[Items listed in a dataset]
════════

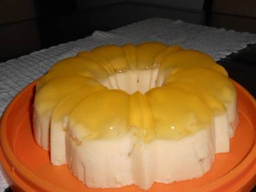 Forrar o fundo de um refratário com o doce de abacaxi e por cima dele, despejar a mistura.
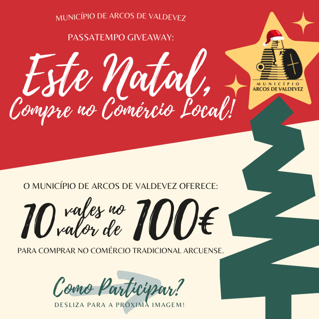 Este passatempo será realizado, em simultâneo, no Instagram e no Facebook do Município de Arcos de Valdevez e consiste na entrega, por sorteio aleatório, de 10 vales no valor de 100€. A participação é gratuita e de fácil acesso. Visite as nossas redes sociais.
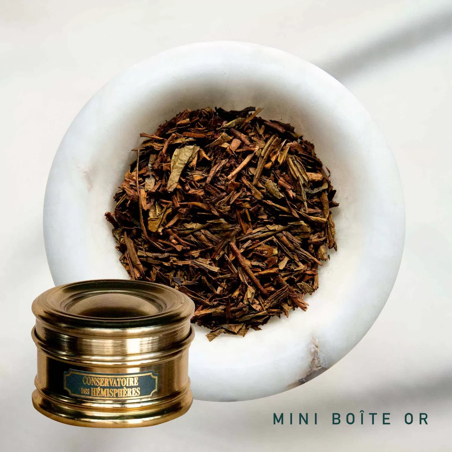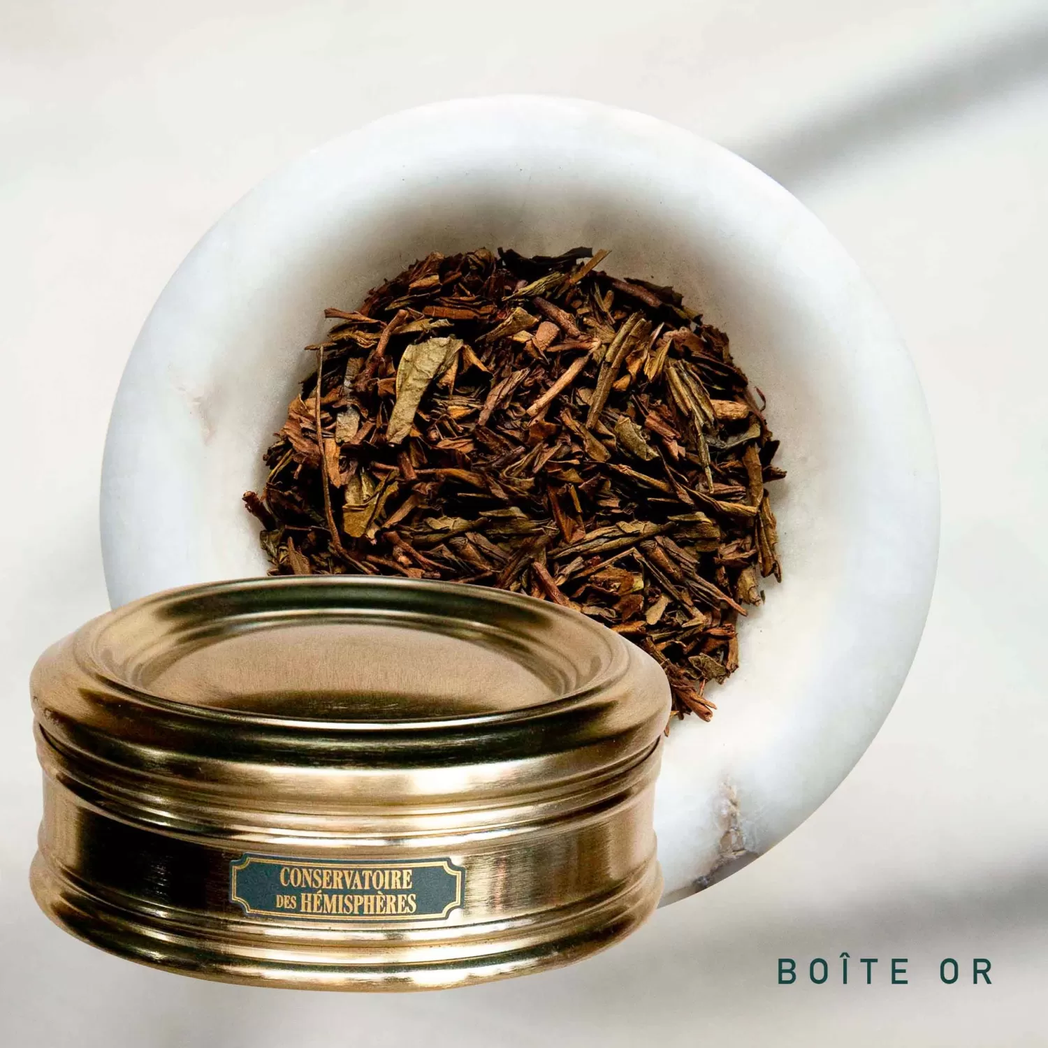Bien que sa robe ne revête pas les chromatiques habituelles du thé vert, le Hojicha – littéralement “torréfié” – s’accommode de la couleur airain ou ébène. La calcination à feu nu de ses feuilles induit un envol aromatique de l’infusion, aux arômes pyrogénés et aux pourtours sèchement boisés. L’attaque marine, propre aux thés japonais, se dote d’allants fruités dans le sillage d’une liqueur à la couleur ambrée. Il est un thé désaltérant et faiblement théiné : sa dégustation est congruente à tout moment de la journée.
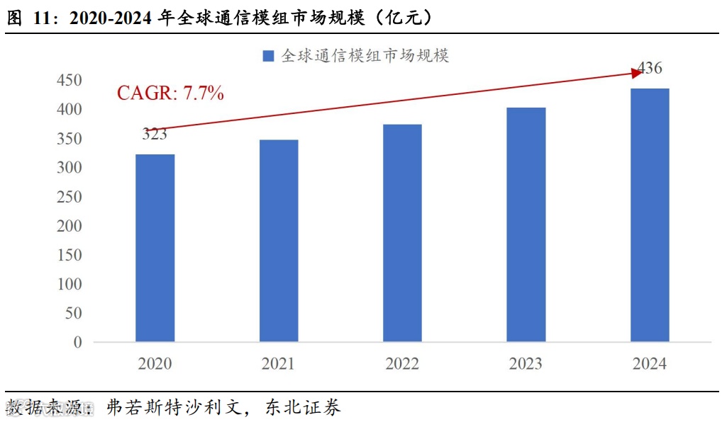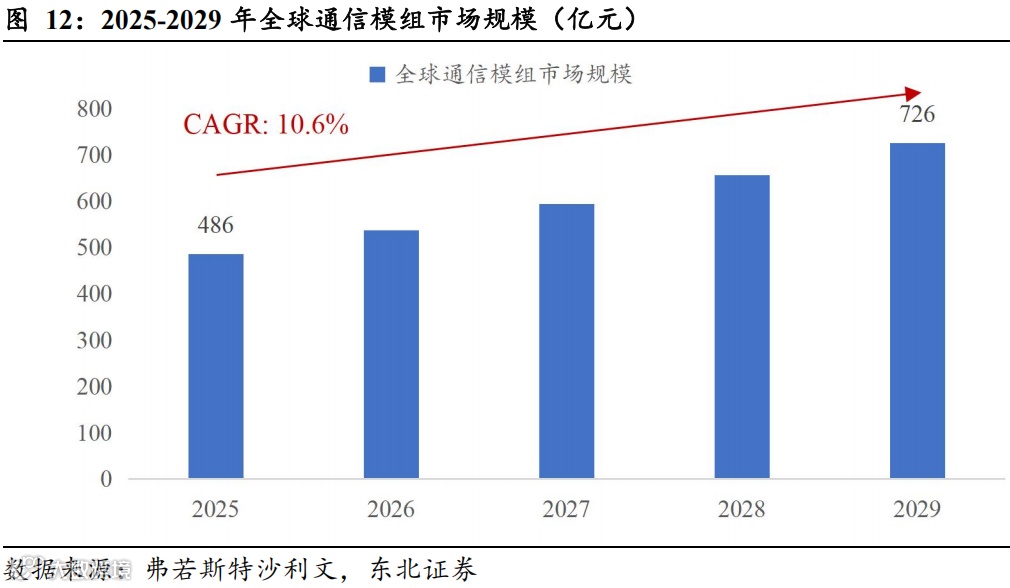 模组市场空间:伴随下游应用场景拓宽,通信模组市场规模持续增长。全球无线通信模块市场正迎来技术升级与产业变革的双重机遇。随着5G技术加速替代4G网络,通信模块作为数据传输的核心载体,市场规模呈现持续扩张态势,由2020年323亿元增长至2024年436亿元,CAGR为7.7%。其中,中国市场增速尤为显著,由2020年174亿元增长至2024年247亿元,CAGR为9.1%。另外,根据弗若斯特沙利文数据显示,预计全球通信模组市场规模将由2025年的486亿元增长至2029年的726亿元,CAGR达10.6%。这一增长主要得益于5G技术成为主流和人工智能下游场景应用激增两大核心驱动力,下游新兴应用场景包括汽车电子领域的智能化转型、智能家居生态的快速渗透。技术迭代不仅体现在通信速率的提升,更在于通信模块与人工智能、边缘计算等技术的深度融合,推动行业向智能化、集成化方向演进。
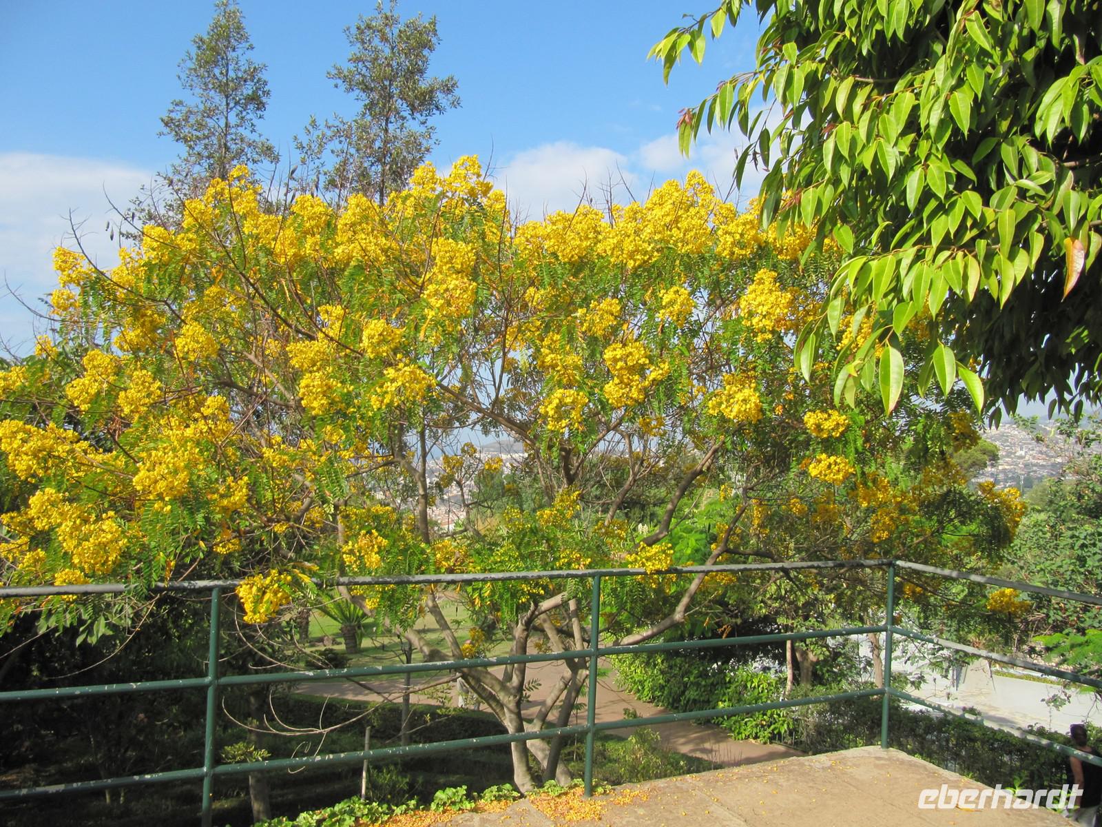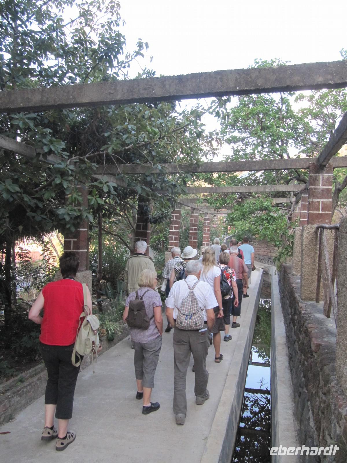 Zuerst fuhren wir zum Blandy's Garten, ein 200 ha großes Gelände, dass 1885 von der Familie Blandy gekauft wurde. Heute ist auf diesem Gelände noch ein bewohntes Herrenhaus zu finden. Dieser Teil ist für Besucher nicht zugänglich. Wir versuchten aber trotzdem einen Blick auf den Gutsherrn beim Frühstück zu erhaschen. Der Teil, den man besichtigen kann, ist ebenfalls sehr beeindruckend, unterscheidet sich aber völlig von dem bisher gesehenen. Es ist eine riesige Parkanlage mit uralten Bäumen, tollen Pergolen und wunderschönen Teichen mit Seerosen. Als zweites Highlight stand der Orchideengarten "Jardin Orquídea" auf dem Programm. Wir hören Helenas Ausführungen zur Familie Pregatter, die den Garten nun schön in 4. Generation betreibt und sich mit der Pflanzenforschung und -züchtung beschäftigt. Wir lernen außerdem, wie man Orchideen richtig wässert und pflegt und nehmen auch hier wertvolle Tipps nach Hause mit. Einige Gäste bleiben mit mir noch in Funchal, wo wir noch eine kleine Stadterkundungstour machen und dann mit dem Linienbus über die kurvenreiche Streck wieder in unsere Quinta zurückkehren. Am Abend schauen wir uns gemeinsam die Prozession um die Kirche an, die anlässlich des traditionellen Festes stattfindet. Im Anschluss fahren wir gemeinsam in das Restaurant „Atlantis" in Canico de Baixo, wo wir noch einmal den Degenfisch mit Banane essen und Meeresluft schnuppern.

════════

» TASK DIRECTIONS: What's needed here is an exact repeat of all the records above, pictures excluded.

» REPLY TO THE TASK:
 Forrar o fundo de um refratário com o doce de abacaxi e por cima dele, despejar a mistura.
 Este passatempo será realizado, em simultâneo, no Instagram e no Facebook do Município de Arcos de Valdevez e consiste na entrega, por sorteio aleatório, de 10 vales no valor de 100€. A participação é gratuita e de fácil acesso. Visite as nossas redes sociais.
Bien que sa robe ne revête pas les chromatiques habituelles du thé vert, le Hojicha – littéralement “torréfié” – s’accommode de la couleur airain ou ébène. La calcination à feu nu de ses feuilles induit un envol aromatique de l’infusion, aux arômes pyrogénés et aux pourtours sèchement boisés. L’attaque marine, propre aux thés japonais, se dote d’allants fruités dans le sillage d’une liqueur à la couleur ambrée. Il est un thé désaltérant et faiblement théiné : sa dégustation est congruente à tout moment de la journée.
 模组市场空间:伴随下游应用场景拓宽,通信模组市场规模持续增长。全球无线通信模块市场正迎来技术升级与产业变革的双重机遇。随着5G技术加速替代4G网络,通信模块作为数据传输的核心载体,市场规模呈现持续扩张态势,由2020年323亿元增长至2024年436亿元,CAGR为7.7%。其中,中国市场增速尤为显著,由2020年174亿元增长至2024年247亿元,CAGR为9.1%。另外,根据弗若斯特沙利文数据显示,预计全球通信模组市场规模将由2025年的486亿元增长至2029年的726亿元,CAGR达10.6%。这一增长主要得益于5G技术成为主流和人工智能下游场景应用激增两大核心驱动力,下游新兴应用场景包括汽车电子领域的智能化转型、智能家居生态的快速渗透。技术迭代不仅体现在通信速率的提升,更在于通信模块与人工智能、边缘计算等技术的深度融合,推动行业向智能化、集成化方向演进。
 Zuerst fuhren wir zum Blandy's Garten, ein 200 ha großes Gelände, dass 1885 von der Familie Blandy gekauft wurde. Heute ist auf diesem Gelände noch ein bewohntes Herrenhaus zu finden. Dieser Teil ist für Besucher nicht zugänglich. Wir versuchten aber trotzdem einen Blick auf den Gutsherrn beim Frühstück zu erhaschen. Der Teil, den man besichtigen kann, ist ebenfalls sehr beeindruckend, unterscheidet sich aber völlig von dem bisher gesehenen. Es ist eine riesige Parkanlage mit uralten Bäumen, tollen Pergolen und wunderschönen Teichen mit Seerosen. Als zweites Highlight stand der Orchideengarten "Jardin Orquídea" auf dem Programm. Wir hören Helenas Ausführungen zur Familie Pregatter, die den Garten nun schön in 4. Generation betreibt und sich mit der Pflanzenforschung und -züchtung beschäftigt. Wir lernen außerdem, wie man Orchideen richtig wässert und pflegt und nehmen auch hier wertvolle Tipps nach Hause mit. Einige Gäste bleiben mit mir noch in Funchal, wo wir noch eine kleine Stadterkundungstour machen und dann mit dem Linienbus über die kurvenreiche Streck wieder in unsere Quinta zurückkehren. Am Abend schauen wir uns gemeinsam die Prozession um die Kirche an, die anlässlich des traditionellen Festes stattfindet. Im Anschluss fahren wir gemeinsam in das Restaurant „Atlantis" in Canico de Baixo, wo wir noch einmal den Degenfisch mit Banane essen und Meeresluft schnuppern.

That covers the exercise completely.